The potential sources 34 and 36 provide a potential difference between plates 42 and
50 and therefore a deflection field therebetween. The print head 10 preferably produces
a plurality of jet drop streams arranged in a row normal to the plane of Fig. 1 and
skewed with respect to the direction of movement of medium 22. As a consequence, the
drops in trajectories 38 are deflected in a direction which is inclined with respect
to the direction of movement of the medium and which results in the deposit of drops
from each jet at positions which are laterally.displaced across the medium and longitidunally
displaced along the medium.
[0028] A separate charge electrode driver, including a switched amplifier circuit 54 and
an AND gate 56, applies print control signals to each of the charge electrodes 26
via line 58, as more fully discussed below. The print control signals are provided
upon receipt of a print enable pulse on line 60 and, in dependence upon the print
control signals, drops are selectively deposited on medium 22. The driver, however,
provides a signal to electrode 26 upon failure to receive a print enable signal such
that drops produced during this time, termed "guard drops", are directed to the catcher
30.
[0029] The present invention provides print enable signal pulses to the charge electrode
driver and, further, provides a drop clock signal pulse train to drive the electromechanical
transducer at the frequency for which it was designed. The print enable signal pulses
are provided in synchronism with the drop clock signal pulse train so that the charging
signals provided by the charge electrode driver to the charge electrode are properly
timed with respect to the break up of successively formed drops. A print enable pulse
is, however, provided- only after an increment of movement of the print receiving
medium 22, such that the drops deposited by the print head 10 on the medium are properly
spaced in the direction of movement of the medium.

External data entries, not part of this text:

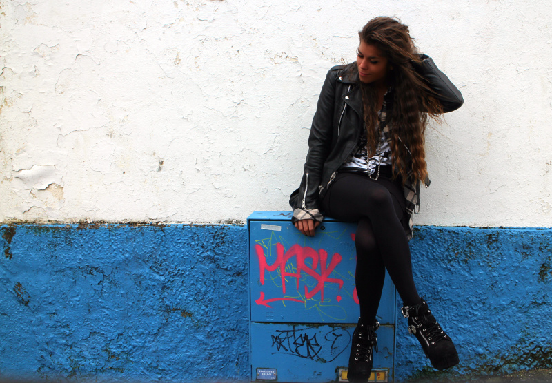 Topp fra TopShop // skjorte fra H&M // vintage skinnjakke fra Kiliwatch // skjørt fra Pull & Bear // veske funnet i skapet til mamma // heels fra Jeffrey Campbell // smykker fra Nelly/Aldo
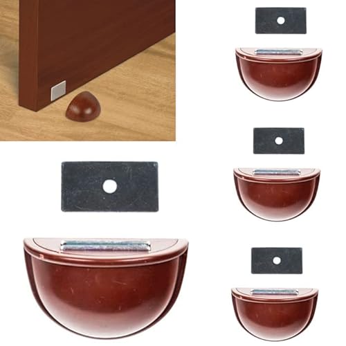 Fermaporta Magnetico, 4 Pezzi Ferma Porta Marrone, in Robusta plastica con contropiastra per Bloccare Porte Pavimento, impedire Che Le Porte Si Scontrino con Le Pareti, 32x48x25 mm
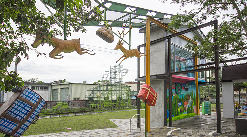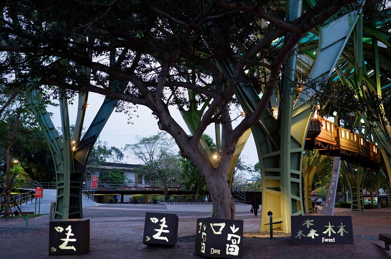 丟丟噹森林 : 九株高達十四公尺的鋼構巨樹,加上充森滿童真與夢幻的幾米星空列車和一旁復古的百果樹紅磚屋,就是可愛的丟丟噹林啦。
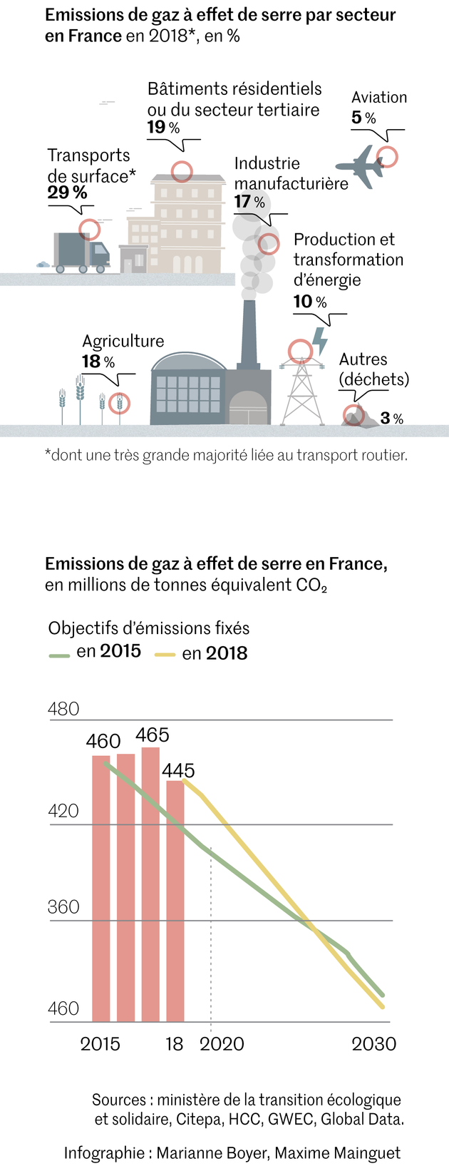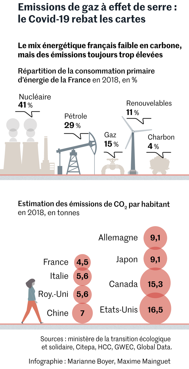 Certes, les mesures de confinement ont fait temporairement baisser les émissions de gaz à effet de serre. Mais cela donne aussi la mesure du chemin à parcourir : les rejets carbonés devraient diminuer entre 5 % et 15 % sur l’année 2020 en France, selon le Haut Conseil pour le climat. Une baisse massive, mais inférieure à ce qui est nécessaire pour espérer atteindre un jour les objectifs de l’accord de Paris.
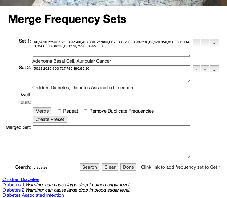 Type a pattern into the Search field, and type the Enter key or click on the Search button. If your search pattern matches a frequency set in the Spooky2 database, the results will be displayed below the Search field. Clicking on one of the search result links will append that frequency set into either the Set 1 or Set 2 text field, based on which “+” button you last clicked. Next to the Done button is a hint telling which text field will receive the frequency set you specify.
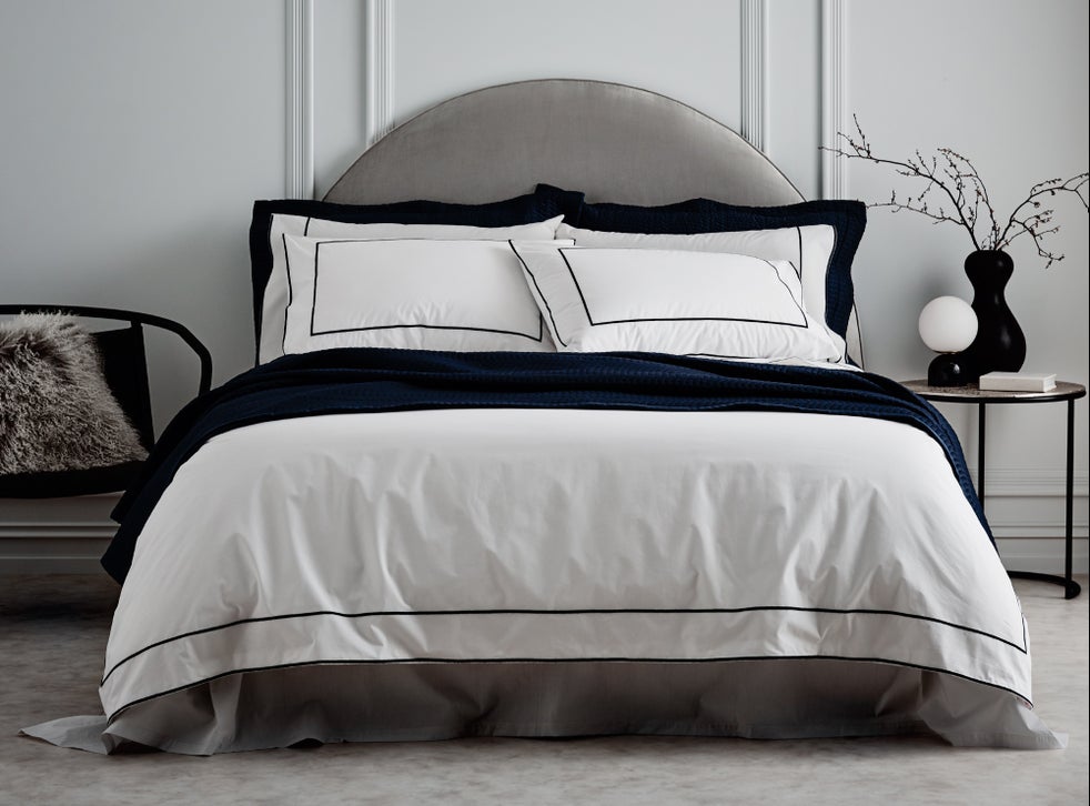 One of the most instantly gratifying places to begin to add these pared-back embellishments is in the bedroom. Bedlinen featuring bordering in a contrasting fabric or colour will frame your bed and give it more structure when it’s made. Sheridan’s Corlette linen is a great example in 100 per cent cotton with a sateen square embroidery detail that gives an otherwise simple white sheet a certain assertiveness, especially as the bordering is repeated on the pillowcases.

[0030] Finally, the electromechanical transducer is driven at a sufficiently high frequency
such that at least two unneeded drops may be discarded as -guard drops between successive
print enable pulses. By providing for the stimulation of drops at a frequency slightly
greater than three times the nominal print enable pulse frequency, occasionally three
guard drops, rather than two, will be provided between successive print drops, with
the result that the circuit of the present invention can compensate for fluctuations
in the velocity of the print receiving medium.
[0031] Referring now to Figs. 2a and 2b, it may be seen that the circuit includes an oscillator
means, preferably a crystal controlled oscillator 110 and a frequency divider circuit
112, which produces a drop clock signal pulse train on line 114 for application via
amplifier 116 to the electromechanical transducer which provides stimulation for breakup
of the drops. The oscillator 110 and frequency divider 112 are selected such that
the frequency of the drop clock pulse train is substantially equal to the optimum
operational frequency of the transducer. As will become apparent, the higher frequency
output from oscillator 110 is used as a system clock for the various circuit components.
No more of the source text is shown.